MO Executes Marcellus Williams Despite Prosecutor Opposition. DA Said No Evidence Connected Black Man to Murder of White Woman. White Jury Conviction Supported by a Discredited Snitch who Got Reward $
From [HERE] Despite St. Louis County Prosecuting Attorney Wesley Bell’s opposition, Missouri executed Marcellus Williams, 55, Tuesday for a 1998 killing that he consistently maintained he did not commit.
“Marcellus Williams should be alive today,” Mr. Bell said in a statement shortly after the execution. “If there is even the shadow of a doubt of innocence, the death penalty should never be an option. This outcome did not serve the interests of justice.”
Prosecutor Works to Correct “Manifest Injustice”
In January, the St. Louis County prosecutor’s office filed a 63-page motion to vacate Mr. Williams’s 2001 conviction in the killing of a journalist in her home in the St. Louis suburbs.
The prosecuting attorney wrote that new DNA evidence, increasing doubts about the credibility of the State’s key witnesses, and constitutional defects including ineffective counsel and racially discriminatory jury selection at trial compelled him to ask the circuit court “to correct this manifest injustice.”
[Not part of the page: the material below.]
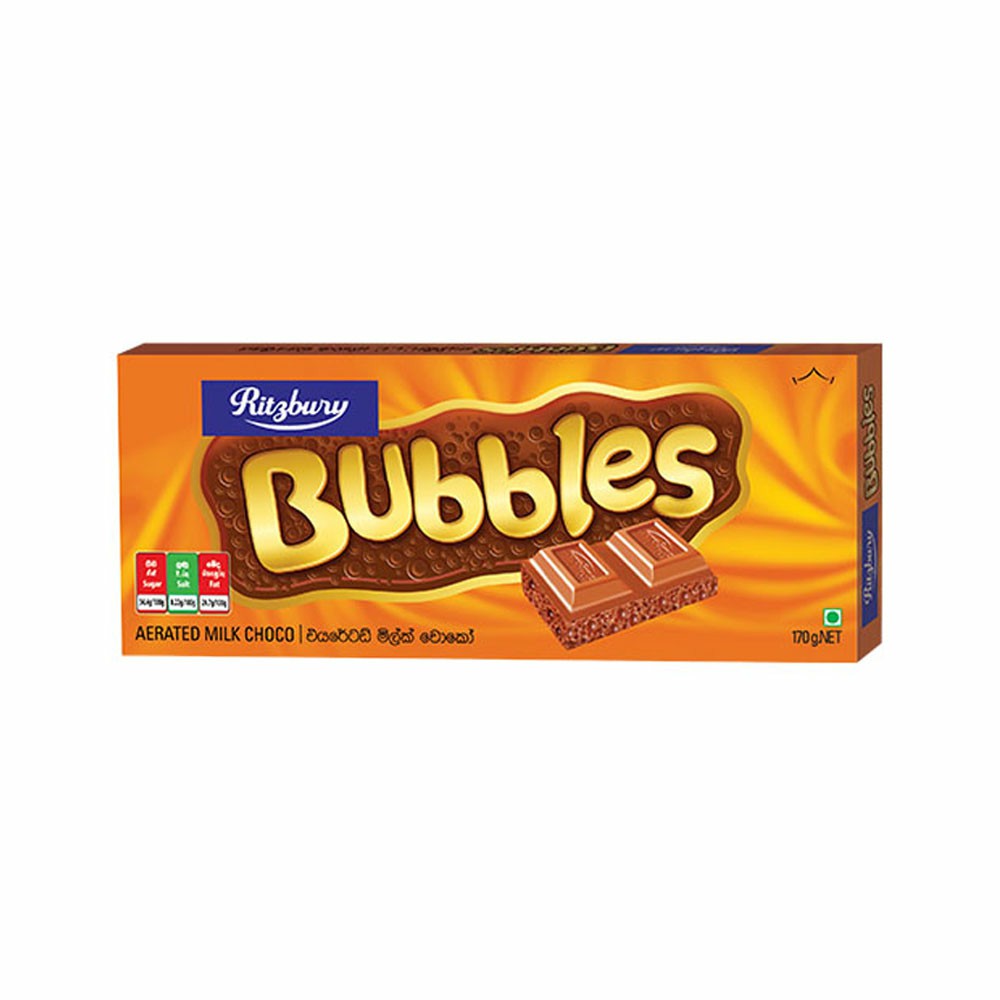 The Ritzbury Bubbles Chocolate 170g is an aerated milk chocolate bar known for its light and airy texture.

A lot of physical evidence was collected at the crime scene—including the murder weapon (a kitchen knife), bloody shoeprints and fingerprints, and hairs on the victim’s t-shirt, her hands, and the floor that did not match her or her husband—and none of it can be tied to Mr. Williams, the prosecutor wrote.
Mr. Williams was excluded as the source of the footprints and hairs, the fingerprints, and male DNA that was recently recovered from the knife handle.
With no direct evidence linking Mr. Williams to the crime, the State’s case depended on two unreliable witnesses—a jailhouse informant who claimed that Mr. Williams confessed to him, and Mr. Williams’s girlfriend, who claimed she saw Mr. Williams with the victim’s laptop. Both implicated Mr. Williams because they wanted reward money and shorter sentences in their own cases, Mr. Williams’s counsel told The Washington Post.
New evidence further undermined the witnesses’ credibility, prosecutors wrote. Sworn statements from his own family state the jailhouse informant made up the story about Mr. Williams to get the reward money, and evidence emerged that Mr. Williams had gotten the laptop from his girlfriend, who had her own financial and personal motives to implicate him.
“This never-before-considered evidence, when paired with the relative paucity of other, credible evidence supporting guilt, as well as additional considerations of ineffective assistance of counsel and racial discrimination in jury selection,” the prosecuting attorney’s office wrote, “casts inexorable doubt on Mr. Williams’s conviction and sentence.”
Despite Widespread Opposition, Execution Proceeds
In June, while the motion to vacate was pending, the Missouri Supreme Court set September 24 as Mr. Williams’s third execution date.
In 2015 and 2017, the state supreme court and then-Gov. Eric Greitens, respectively, issued last-minute reprieves. The governor appointed a board of inquiry to investigate innocence claims based on DNA testing of the weapon, but before it submitted findings, it was disbanded by current Gov. Mike Parson.
Just before a hearing on the prosecutor’s motion, DNA test results revealed that the DNA on the knife that excluded Mr. Williams matched the trial prosecutor and his investigator, who had repeatedly handled the weapon without gloves.
The contamination undermined Mr. Williams’s ability to prove an actual innocence claim based on new evidence, so he entered an agreement with the prosecutor to enter a “no contest” plea in exchange for a life-without-parole sentence. The circuit judge and the victim’s family approved it, but the Missouri Supreme Court intervened and overturned the agreement.
In August, the circuit court held an evidentiary hearing where the trial prosecutor admitted he repeatedly handled the murder weapon without gloves and, according to Mr. William’s court filings, admitted that “part of the reason” he struck a potential juror was because he was Black.
Mr. Bell conceded constitutional error in the mishandling of evidence, but the state courts nonetheless deniedthe prosecutor’s motion and the U.S. Supreme Court denied a stay without explanation. Justices Sonia Sotomayor, Elena Kagan and Ketanji Brown Jackson noted they would have granted a stay.
Despite statewide protests, Gov. Mike Parson denied clemency and, reportedly for the first time, Missouri carried out an execution over opposition from both the prosecutor’s office and the victim’s family.
Mr. Williams was the 100th person executed in Missouri since 1989, according to the Death Penalty Information Center.